Pada bidang Pertanian, isolasi DNA sangat penting penting untuk dipelajari
terkhusus dalam menciptakan varietas unggul baru. Dengan varietas unggul baru,
produktivitas pertanian akan meningkat atau lebih terjaga kestabilannya.

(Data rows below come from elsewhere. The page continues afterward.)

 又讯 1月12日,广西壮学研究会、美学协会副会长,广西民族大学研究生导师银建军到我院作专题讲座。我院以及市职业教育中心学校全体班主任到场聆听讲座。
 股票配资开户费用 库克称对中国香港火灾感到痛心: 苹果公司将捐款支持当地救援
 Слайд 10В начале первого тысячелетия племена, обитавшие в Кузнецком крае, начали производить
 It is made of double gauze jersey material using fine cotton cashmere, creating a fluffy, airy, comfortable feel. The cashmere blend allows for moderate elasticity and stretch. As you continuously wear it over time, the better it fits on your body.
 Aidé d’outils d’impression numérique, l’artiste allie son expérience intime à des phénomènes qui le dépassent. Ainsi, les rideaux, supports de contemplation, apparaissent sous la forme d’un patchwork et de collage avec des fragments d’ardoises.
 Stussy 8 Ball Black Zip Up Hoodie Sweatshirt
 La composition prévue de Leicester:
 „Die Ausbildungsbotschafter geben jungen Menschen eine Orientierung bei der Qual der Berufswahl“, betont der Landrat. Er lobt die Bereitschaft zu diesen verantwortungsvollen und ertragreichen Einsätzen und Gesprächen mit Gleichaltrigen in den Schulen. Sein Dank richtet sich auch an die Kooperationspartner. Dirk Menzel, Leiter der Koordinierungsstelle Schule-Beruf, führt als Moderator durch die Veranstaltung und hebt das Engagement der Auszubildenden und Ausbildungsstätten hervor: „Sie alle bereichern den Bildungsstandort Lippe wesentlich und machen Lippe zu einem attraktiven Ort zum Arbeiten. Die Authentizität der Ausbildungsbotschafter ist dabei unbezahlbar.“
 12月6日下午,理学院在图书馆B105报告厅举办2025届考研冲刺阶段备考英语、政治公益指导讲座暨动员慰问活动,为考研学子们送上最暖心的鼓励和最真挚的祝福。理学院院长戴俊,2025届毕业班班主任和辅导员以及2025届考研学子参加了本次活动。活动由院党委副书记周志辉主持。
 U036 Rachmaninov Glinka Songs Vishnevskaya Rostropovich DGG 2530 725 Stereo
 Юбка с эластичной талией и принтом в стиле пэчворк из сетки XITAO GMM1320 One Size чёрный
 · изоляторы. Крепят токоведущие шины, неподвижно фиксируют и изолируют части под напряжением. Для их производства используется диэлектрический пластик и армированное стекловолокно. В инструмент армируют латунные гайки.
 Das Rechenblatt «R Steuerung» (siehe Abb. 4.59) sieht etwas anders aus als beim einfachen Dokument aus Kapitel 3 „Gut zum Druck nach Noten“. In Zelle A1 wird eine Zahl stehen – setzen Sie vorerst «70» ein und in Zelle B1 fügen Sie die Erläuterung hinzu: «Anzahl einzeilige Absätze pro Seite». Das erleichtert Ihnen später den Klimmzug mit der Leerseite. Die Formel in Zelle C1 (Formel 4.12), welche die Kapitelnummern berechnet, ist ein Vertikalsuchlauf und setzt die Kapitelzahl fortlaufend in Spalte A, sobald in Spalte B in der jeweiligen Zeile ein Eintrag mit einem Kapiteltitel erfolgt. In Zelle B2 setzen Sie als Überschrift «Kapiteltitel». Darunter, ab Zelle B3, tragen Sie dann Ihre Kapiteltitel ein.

Dengan
demikian, praktikum Isolasi DNA ini perlu dilakukan yaitu untuk mengetahui dan
memahami hal-hal yang bersangkutan dalam isolasi DNA.
1.2 Tujuan
Adapun tujuan dari praktikum Biokimia Tanaman pada materi Isolasi DNA
ini yaitu untuk mengetahui:
1. Definisi Asam Nukleat
2. Definisi Isolasi DNA
3. Struktur DNA beserta fungsinya
4. Tahapan Isolasi DNA
5. Manfaat Isolasi DNA dalam Bidang Pertanian
1.3 Manfaat
Manfaat yang dapat diambil dari praktikum kali ini yaitu mahasiswa dapat
mengetahui definisi asam nukleat, definisi isolasi DNA, struktur DNA beserta
fungsinya, tahapan isolasi DNA, dan manfaat isolasi DNA dalam bidang Pertanian.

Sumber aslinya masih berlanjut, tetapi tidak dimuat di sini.